We love our cars in America. So much that over 87 percent of the driving-age population in the United States has driver's licenses.
So if you ever drive a car—and odds say you do—you should check out our newly-upgraded Accident Explorer project, which we first wrote about just over a year ago. It now includes the latest dataset from the National Highway Transportation Safety Board, which is for the year 2014.
We’ve also given the interface a makeover and rethought how we display the data. Now, instead of clustering data from all the years together, we cluster data over three-year intervals. As you pick different intervals, you can see how the clusters change—or don’t—over time.
Why do we keep upgrading Accident Explorer? Partly because it’s popular: cars and information about driving are almost universally relevant in the US. Even if you don’t drive yourself, you’re virtually guaranteed to know someone who does.
And partly because Accident Explorer remains an excellent way to show not just what our technology can do, but how the choices you make when you work with data can affect your results.
When you change how you analyze or display data, you can influence the interpretation of the results. Accident Explorer is no different.

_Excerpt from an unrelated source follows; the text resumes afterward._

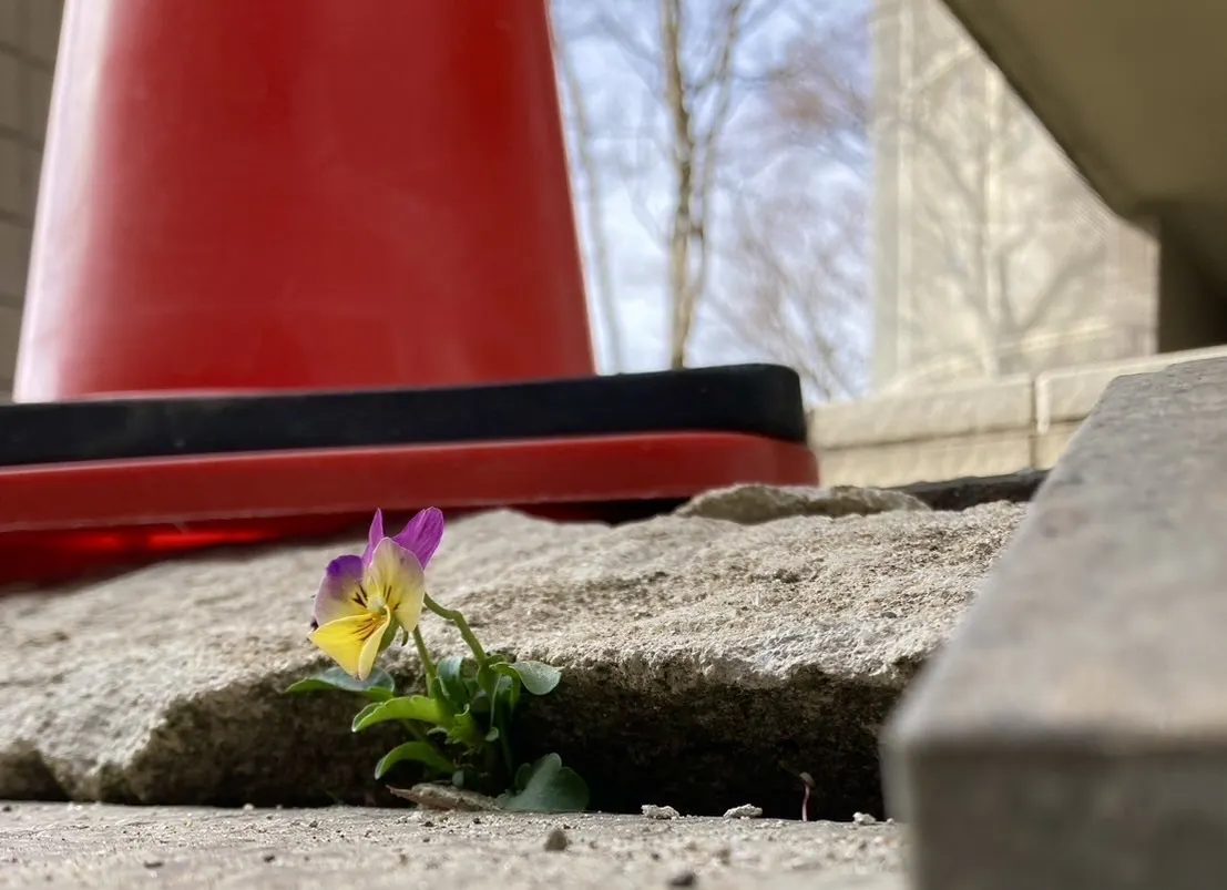 震災の影響で地面が割れたところから凛と咲き続けている花を

We used Accident Explorer’s underlying data to do a quick analysis of fatal accidents and fatal accident clusters for the entire 2008-2014 period using the built-in tools in MIOvantage. Now take a look at our results in the following infographics:
If you were to show someone only one of these infographics, you could easily influence how they perceive the safety of driving in any particular state, or how much driving safety varies between states. If you want to impress caution on someone heading for the Great Plains, show them Fatal Vehicle Accidents Per 100,000 Residents; if they’re going to the Southwest, use Fatal Vehicle Accident Clusters Per 100,000 Residents by State instead.

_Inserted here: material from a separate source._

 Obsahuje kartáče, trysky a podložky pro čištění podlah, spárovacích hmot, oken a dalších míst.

Even the numbers you choose to show, and how you choose to color your map, can help influence the audience. For instance, the numbers for Fatal Vehicle Accident Clusters Per 100,000 Residents by State aren’t that different: despite the dramatic difference in color shading, the range is 0 to 4.4 (and change).
For Fatal Vehicle Accident Clusters by State and Fatal Vehicle Accidents by State, we had to use logarithmic scaling on our raw numbers to make the infographic have an evocative color scheme. Sure, we could have done an infographic without an evocative color scheme, but we have goals here: to showcase our technology, to talk about how displaying data works, to get eyeballs on this post.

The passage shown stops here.